Learn about Windows PowerShell
Summary: Learn how to use a Windows PowerShell command to search easily for information in a collection of files.
Hey, Scripting Guy! I need to be able to parse multiple files for text that are in a single folder. I hate to have to write a script for such a common task, but I am afraid I will have to do so. Can you help me?
Microsoft Scripting Guy Ed Wilson here. The Scripting Wife and I are trying to get things sorted out this week before we leave for Corpus Christi, Texas, where I will be teaching a Windows PowerShell class. In addition, we will be appearing at the inaugural meeting of the Corpus Christi PowerShell User Group meeting. If you will be in South Texas on August 9, 2011, you should come check it out. It should be great fun. Oh, by the way, I am doing a meeting today with Lincoln SQL Server User Group (ssug). The meeting will be available via Live Meeting. It feels like this week started late and will end early. Luckily, SH, the answer to your question is no, you do not have to write a script to parse a folder full of files for a particular string. In fact, it was a topic that was tested in the Beginner Event 6 in the 2011 Scripting Games.
The solution is to use the Select-String cmdlet. One thing to keep in mind is that the Select-String cmdlet reads text files; it cannot read the more complicated file types such as .doc and .docx files that are generated by Microsoft Word. When I attempted to search a folder containing the Word documents and pictures that make up a typical Hey, Scripting Guy! Blog post, Windows PowerShell displayed a bunch of gibberish in the console, and then locked up. This is shown in the following figure.

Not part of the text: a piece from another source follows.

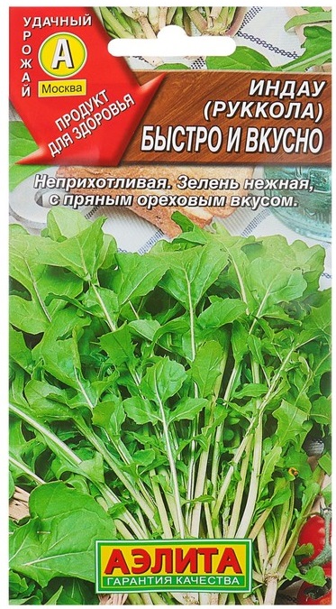Неприхотливый, быстро растущий, холодостойкий сорт. Формирует урожай ценной зелени за 3 недели от всходов. Розетка листьев крупная, в фазу технической спелости высотой 20-25 см, массой 18-20 г. Растения при достаточном увлажнении долго не стрелкуются и цветут поздно. Листья имеют слабый аромат и маслянисто-ореховый вкус с легкой пряной остротой. Зелень богата каротином, железом, йодом, цинком; используется в салатах и гарнирах. По вкусу руккола хорошо сочетается с сырами, мясом, рыбой. Урожайность зелени 2-2,5 кг/м2. Похожие товары

The easy way to avoid producing gibberish is to specify the file types you want to search. For example, if I want to search all text files in the c:\fso directory for a pattern of ed (such as my first name), I include a wildcard character in my path specification, and choose any file that has the file extension of .txt. The nice thing about the Select-String cmdlet is that it expects the path as well as the pattern parameter to be strings, so I do not need to use quotation marks for either the pattern or the path. I can use the following command to search the c:\fso folder for files that have the .txt file extension, and contain a pattern match for ed:
Select-String -Path c:\fso\*.txt -pattern ed
The command and associated output are shown in the following figure.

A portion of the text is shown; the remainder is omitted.